BEGIN SUPPLIED INFORMATION

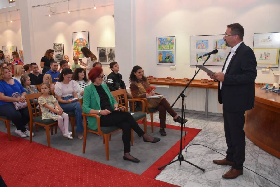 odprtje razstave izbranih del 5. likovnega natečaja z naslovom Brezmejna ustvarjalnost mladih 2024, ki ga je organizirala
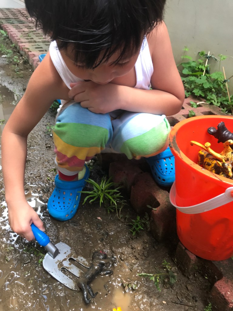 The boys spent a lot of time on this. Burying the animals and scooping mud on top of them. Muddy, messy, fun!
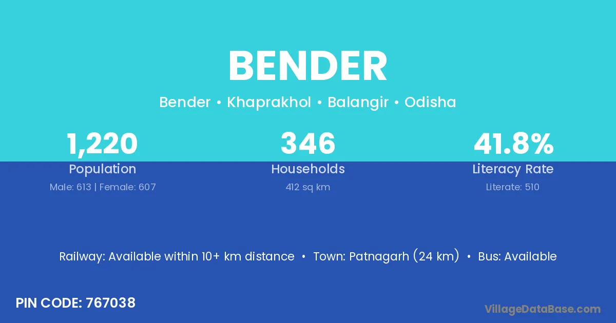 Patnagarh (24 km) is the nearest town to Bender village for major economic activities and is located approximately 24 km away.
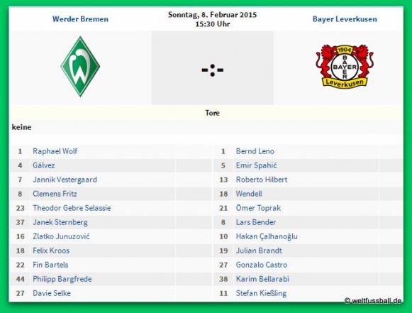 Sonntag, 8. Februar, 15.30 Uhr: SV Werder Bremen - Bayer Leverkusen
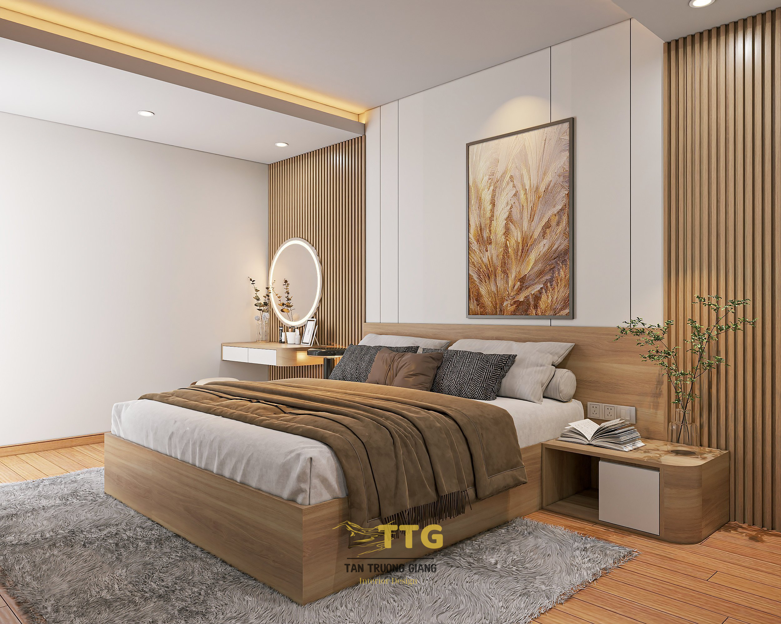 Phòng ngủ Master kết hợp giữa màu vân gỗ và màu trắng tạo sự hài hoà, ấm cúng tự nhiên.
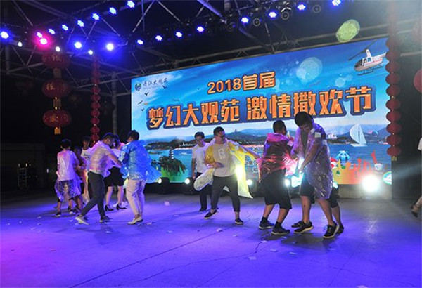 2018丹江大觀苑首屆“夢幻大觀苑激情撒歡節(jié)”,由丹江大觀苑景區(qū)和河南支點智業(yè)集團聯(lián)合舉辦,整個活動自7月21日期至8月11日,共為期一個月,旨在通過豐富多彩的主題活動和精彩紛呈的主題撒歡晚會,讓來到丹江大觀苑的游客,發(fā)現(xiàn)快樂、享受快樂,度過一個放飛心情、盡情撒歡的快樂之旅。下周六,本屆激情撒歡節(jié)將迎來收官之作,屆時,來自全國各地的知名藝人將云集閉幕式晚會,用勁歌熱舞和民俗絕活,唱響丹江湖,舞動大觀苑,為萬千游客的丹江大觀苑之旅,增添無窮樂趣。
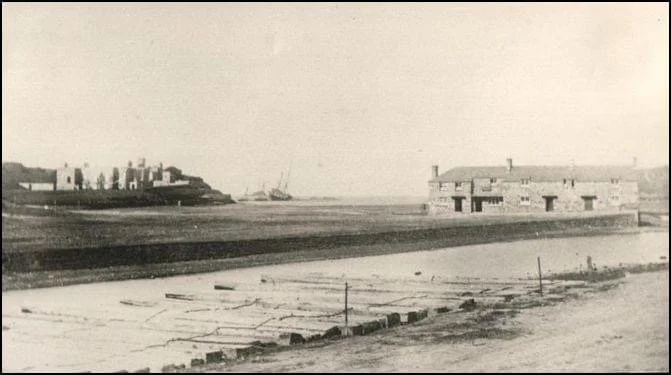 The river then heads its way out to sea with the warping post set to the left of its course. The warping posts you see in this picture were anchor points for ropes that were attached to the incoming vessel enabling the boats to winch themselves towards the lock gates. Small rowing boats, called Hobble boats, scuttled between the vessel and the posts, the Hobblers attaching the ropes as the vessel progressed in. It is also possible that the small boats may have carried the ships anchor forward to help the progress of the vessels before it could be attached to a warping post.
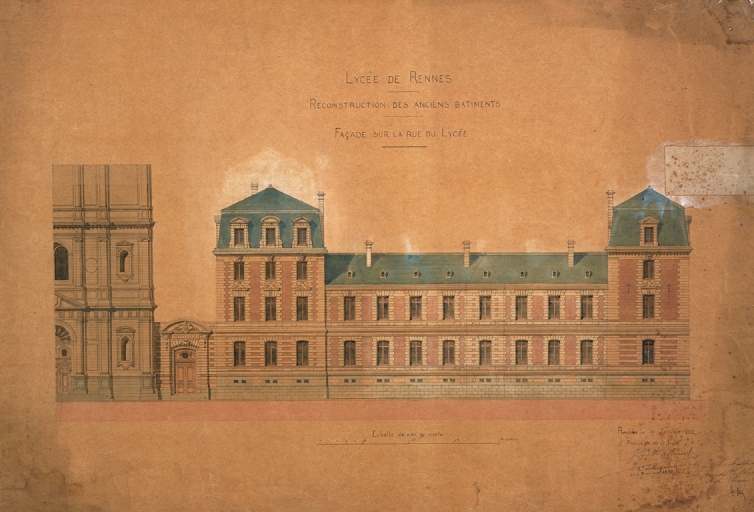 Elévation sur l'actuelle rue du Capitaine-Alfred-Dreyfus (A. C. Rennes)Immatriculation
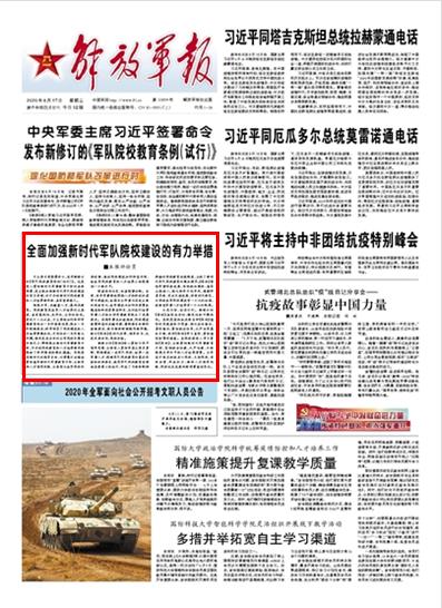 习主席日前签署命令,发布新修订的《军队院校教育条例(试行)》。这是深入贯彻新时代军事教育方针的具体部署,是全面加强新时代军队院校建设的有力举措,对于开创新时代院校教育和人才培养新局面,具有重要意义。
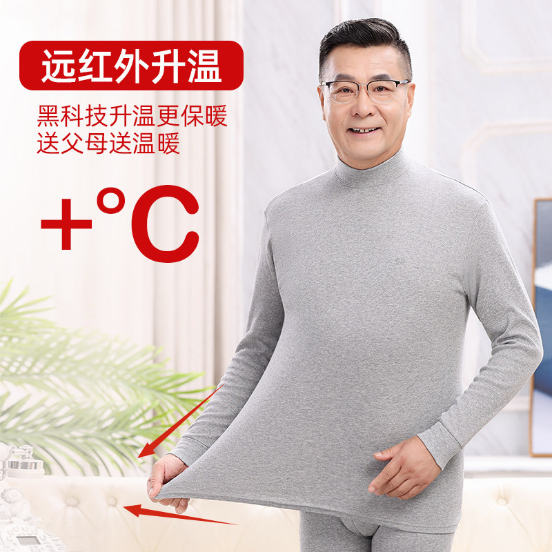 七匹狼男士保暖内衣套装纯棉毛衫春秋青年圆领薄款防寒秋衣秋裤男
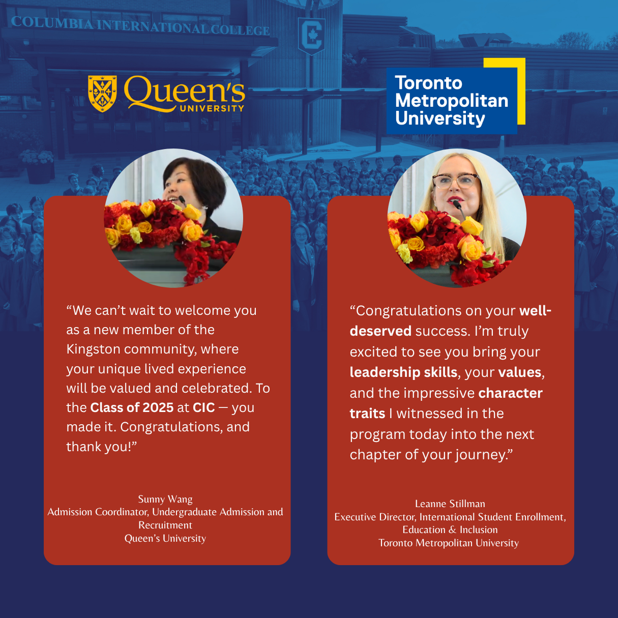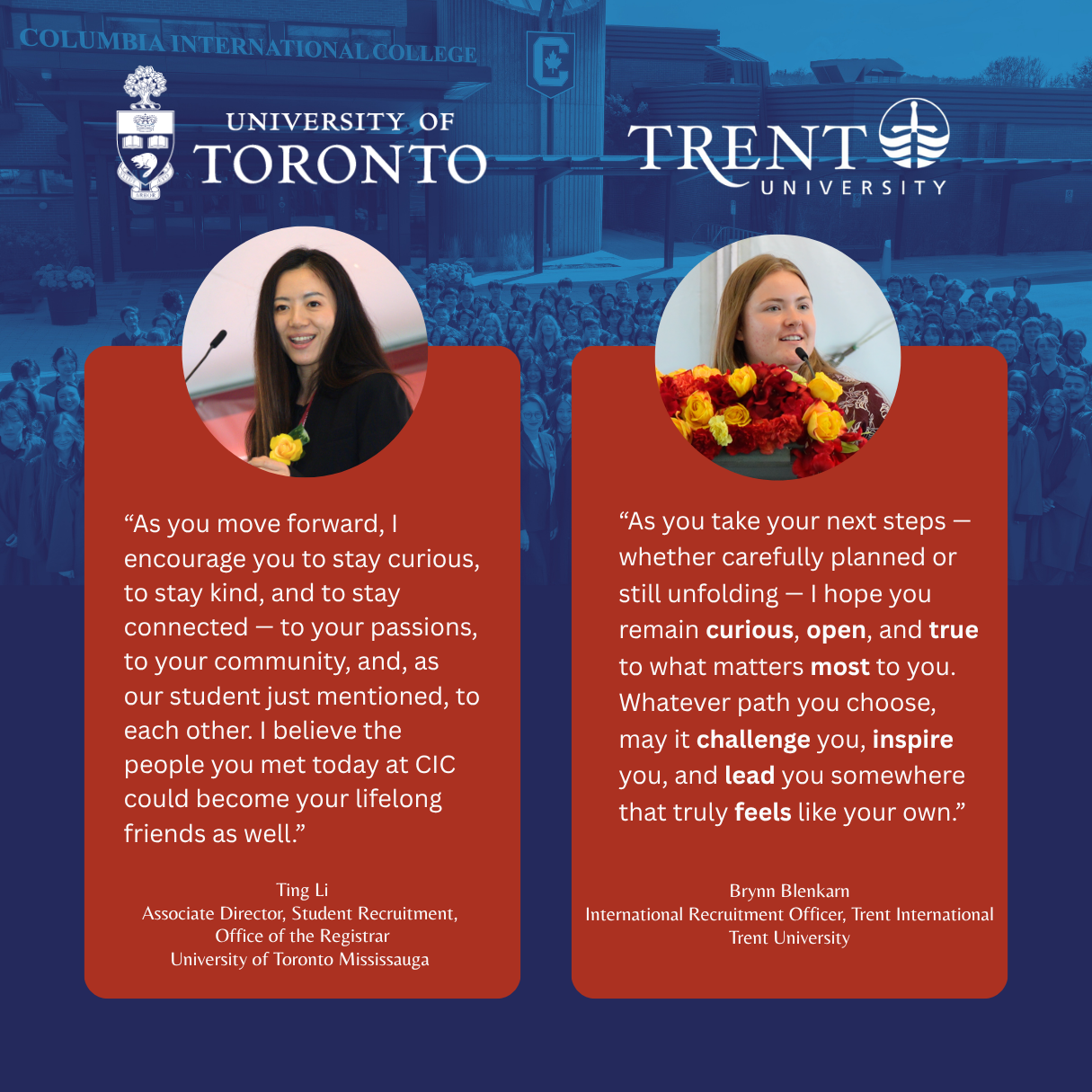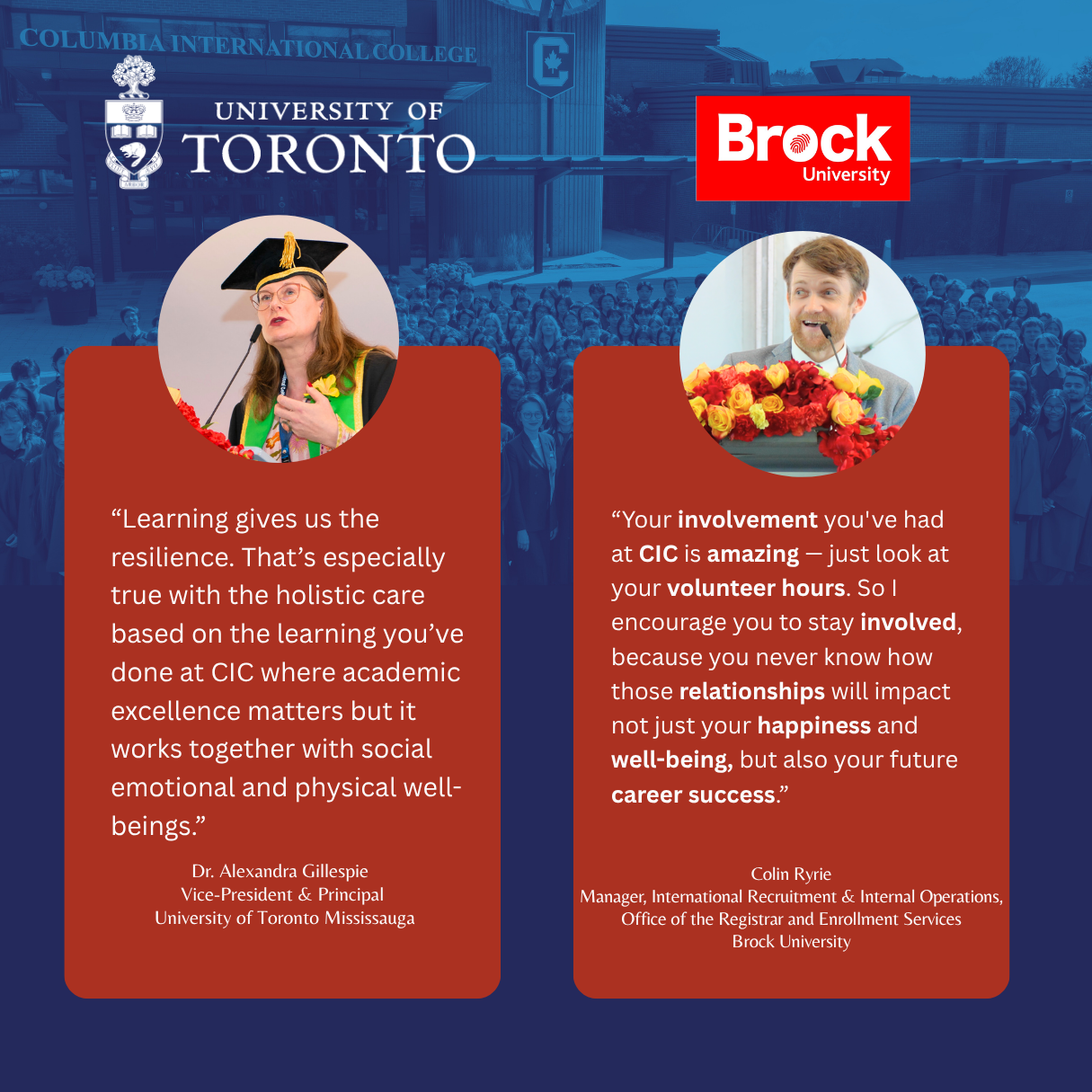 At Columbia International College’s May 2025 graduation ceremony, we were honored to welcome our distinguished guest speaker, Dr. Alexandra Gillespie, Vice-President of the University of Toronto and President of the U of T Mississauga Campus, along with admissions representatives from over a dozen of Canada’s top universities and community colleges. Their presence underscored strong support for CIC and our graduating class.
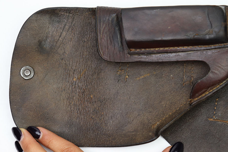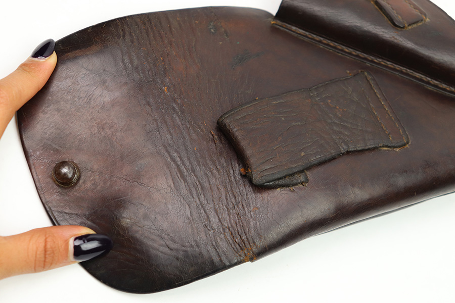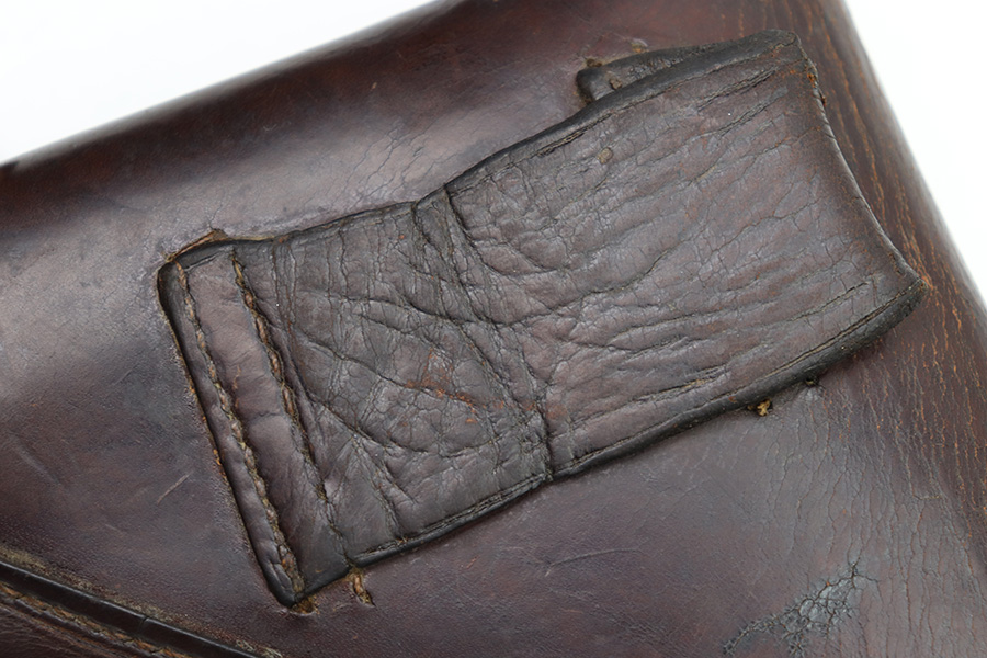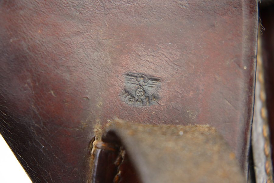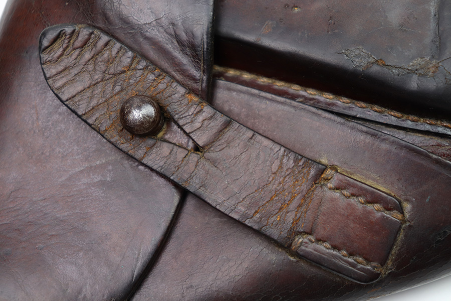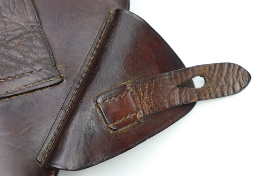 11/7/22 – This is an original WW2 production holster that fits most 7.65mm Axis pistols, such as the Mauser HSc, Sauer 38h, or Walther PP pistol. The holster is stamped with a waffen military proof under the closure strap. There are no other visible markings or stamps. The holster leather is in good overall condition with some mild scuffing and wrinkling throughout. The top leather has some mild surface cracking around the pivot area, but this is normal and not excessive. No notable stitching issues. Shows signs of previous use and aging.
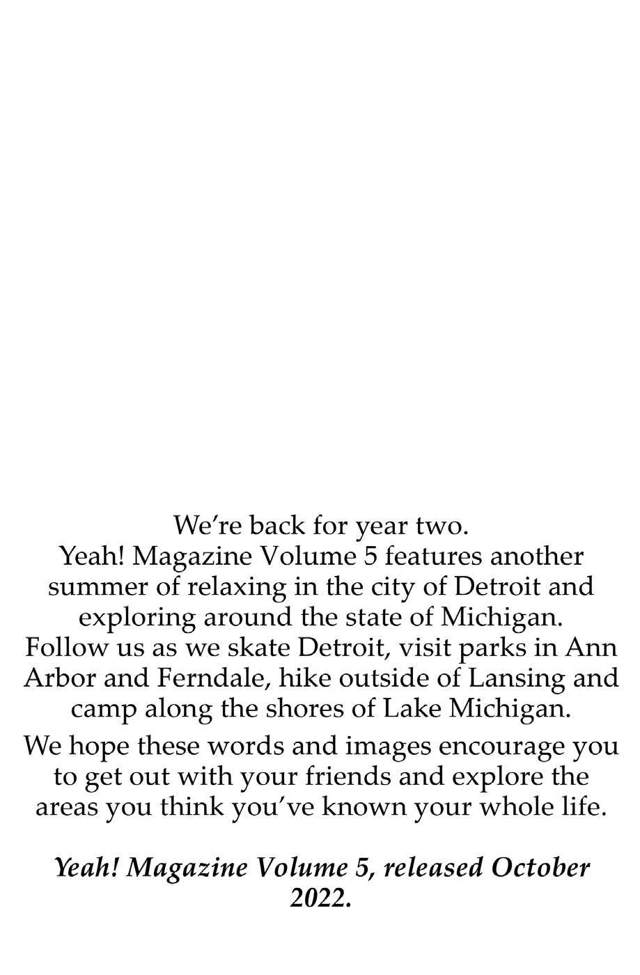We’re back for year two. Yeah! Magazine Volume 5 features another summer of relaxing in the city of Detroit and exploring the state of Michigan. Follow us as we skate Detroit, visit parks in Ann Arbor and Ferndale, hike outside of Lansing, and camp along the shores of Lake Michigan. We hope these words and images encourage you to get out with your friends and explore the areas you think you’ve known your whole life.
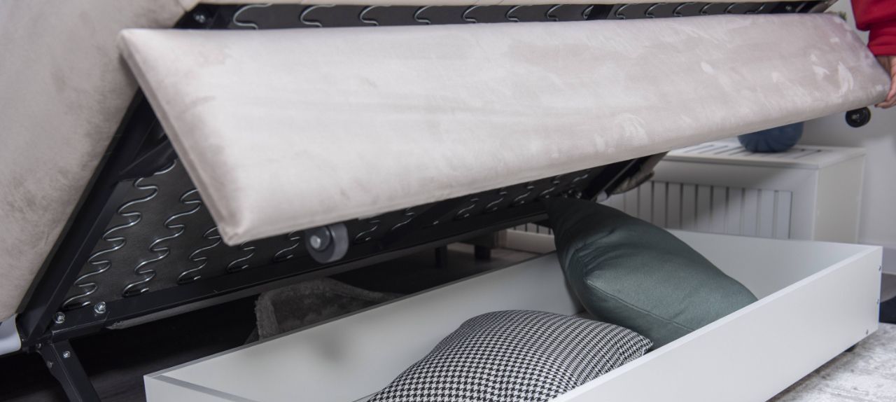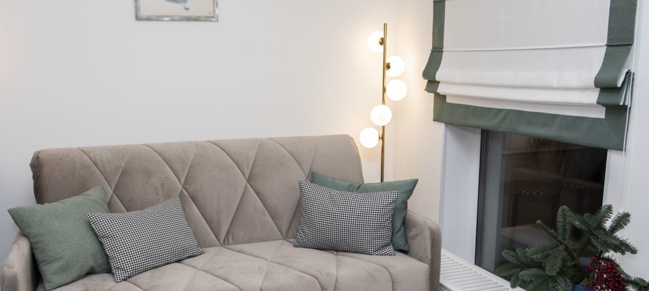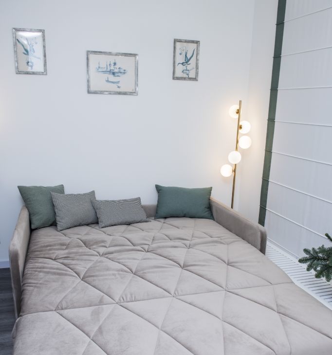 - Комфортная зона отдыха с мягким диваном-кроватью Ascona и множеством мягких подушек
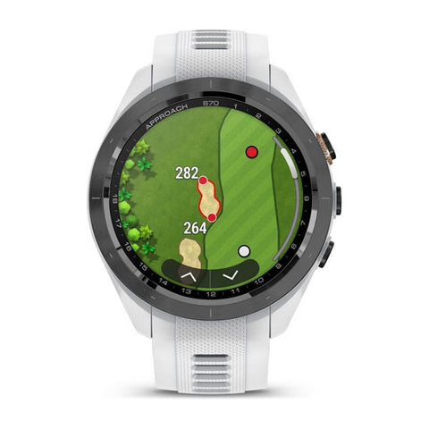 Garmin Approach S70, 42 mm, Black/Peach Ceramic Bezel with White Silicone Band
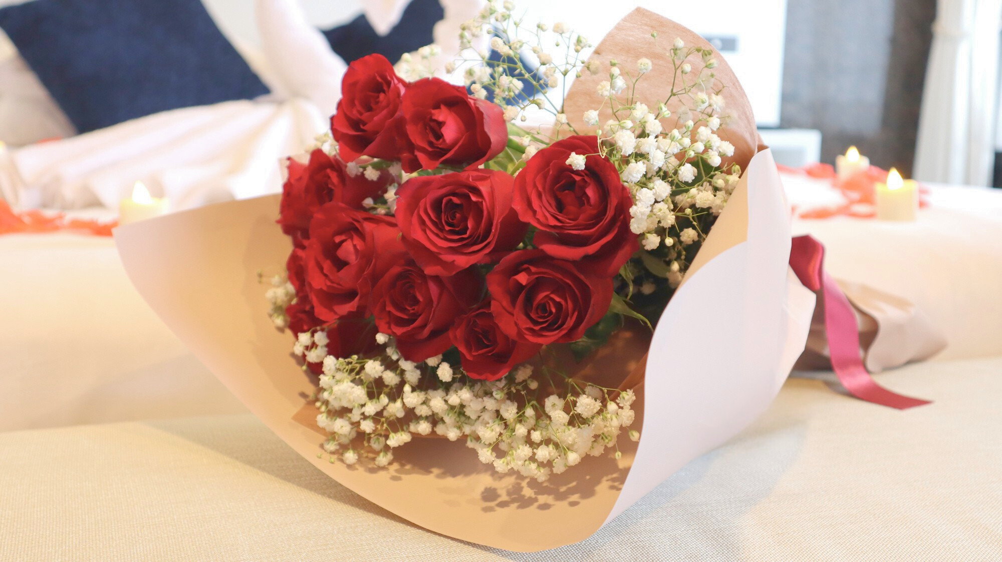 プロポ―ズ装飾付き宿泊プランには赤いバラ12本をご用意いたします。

END SUPPLIED INFORMATION

__PROBLEM REQUIREMENTS__
Your answer should be every entry repeated exactly, minus the pictures.

__WRITTEN REPLY__
 odprtje razstave izbranih del 5. likovnega natečaja z naslovom Brezmejna ustvarjalnost mladih 2024, ki ga je organizirala
 The boys spent a lot of time on this. Burying the animals and scooping mud on top of them. Muddy, messy, fun!
 Patnagarh (24 km) is the nearest town to Bender village for major economic activities and is located approximately 24 km away.
 Sonntag, 8. Februar, 15.30 Uhr: SV Werder Bremen - Bayer Leverkusen
 Phòng ngủ Master kết hợp giữa màu vân gỗ và màu trắng tạo sự hài hoà, ấm cúng tự nhiên.
 2018丹江大觀苑首屆“夢幻大觀苑激情撒歡節(jié)”,由丹江大觀苑景區(qū)和河南支點智業(yè)集團聯(lián)合舉辦,整個活動自7月21日期至8月11日,共為期一個月,旨在通過豐富多彩的主題活動和精彩紛呈的主題撒歡晚會,讓來到丹江大觀苑的游客,發(fā)現(xiàn)快樂、享受快樂,度過一個放飛心情、盡情撒歡的快樂之旅。下周六,本屆激情撒歡節(jié)將迎來收官之作,屆時,來自全國各地的知名藝人將云集閉幕式晚會,用勁歌熱舞和民俗絕活,唱響丹江湖,舞動大觀苑,為萬千游客的丹江大觀苑之旅,增添無窮樂趣。
 The river then heads its way out to sea with the warping post set to the left of its course. The warping posts you see in this picture were anchor points for ropes that were attached to the incoming vessel enabling the boats to winch themselves towards the lock gates. Small rowing boats, called Hobble boats, scuttled between the vessel and the posts, the Hobblers attaching the ropes as the vessel progressed in. It is also possible that the small boats may have carried the ships anchor forward to help the progress of the vessels before it could be attached to a warping post.
 Elévation sur l'actuelle rue du Capitaine-Alfred-Dreyfus (A. C. Rennes)Immatriculation
 习主席日前签署命令,发布新修订的《军队院校教育条例(试行)》。这是深入贯彻新时代军事教育方针的具体部署,是全面加强新时代军队院校建设的有力举措,对于开创新时代院校教育和人才培养新局面,具有重要意义。
 七匹狼男士保暖内衣套装纯棉毛衫春秋青年圆领薄款防寒秋衣秋裤男
 At Columbia International College’s May 2025 graduation ceremony, we were honored to welcome our distinguished guest speaker, Dr. Alexandra Gillespie, Vice-President of the University of Toronto and President of the U of T Mississauga Campus, along with admissions representatives from over a dozen of Canada’s top universities and community colleges. Their presence underscored strong support for CIC and our graduating class.
 11/7/22 – This is an original WW2 production holster that fits most 7.65mm Axis pistols, such as the Mauser HSc, Sauer 38h, or Walther PP pistol. The holster is stamped with a waffen military proof under the closure strap. There are no other visible markings or stamps. The holster leather is in good overall condition with some mild scuffing and wrinkling throughout. The top leather has some mild surface cracking around the pivot area, but this is normal and not excessive. No notable stitching issues. Shows signs of previous use and aging.
We’re back for year two. Yeah! Magazine Volume 5 features another summer of relaxing in the city of Detroit and exploring the state of Michigan. Follow us as we skate Detroit, visit parks in Ann Arbor and Ferndale, hike outside of Lansing, and camp along the shores of Lake Michigan. We hope these words and images encourage you to get out with your friends and explore the areas you think you’ve known your whole life.
 - Комфортная зона отдыха с мягким диваном-кроватью Ascona и множеством мягких подушек
 Garmin Approach S70, 42 mm, Black/Peach Ceramic Bezel with White Silicone Band
 プロポ―ズ装飾付き宿泊プランには赤いバラ12本をご用意いたします。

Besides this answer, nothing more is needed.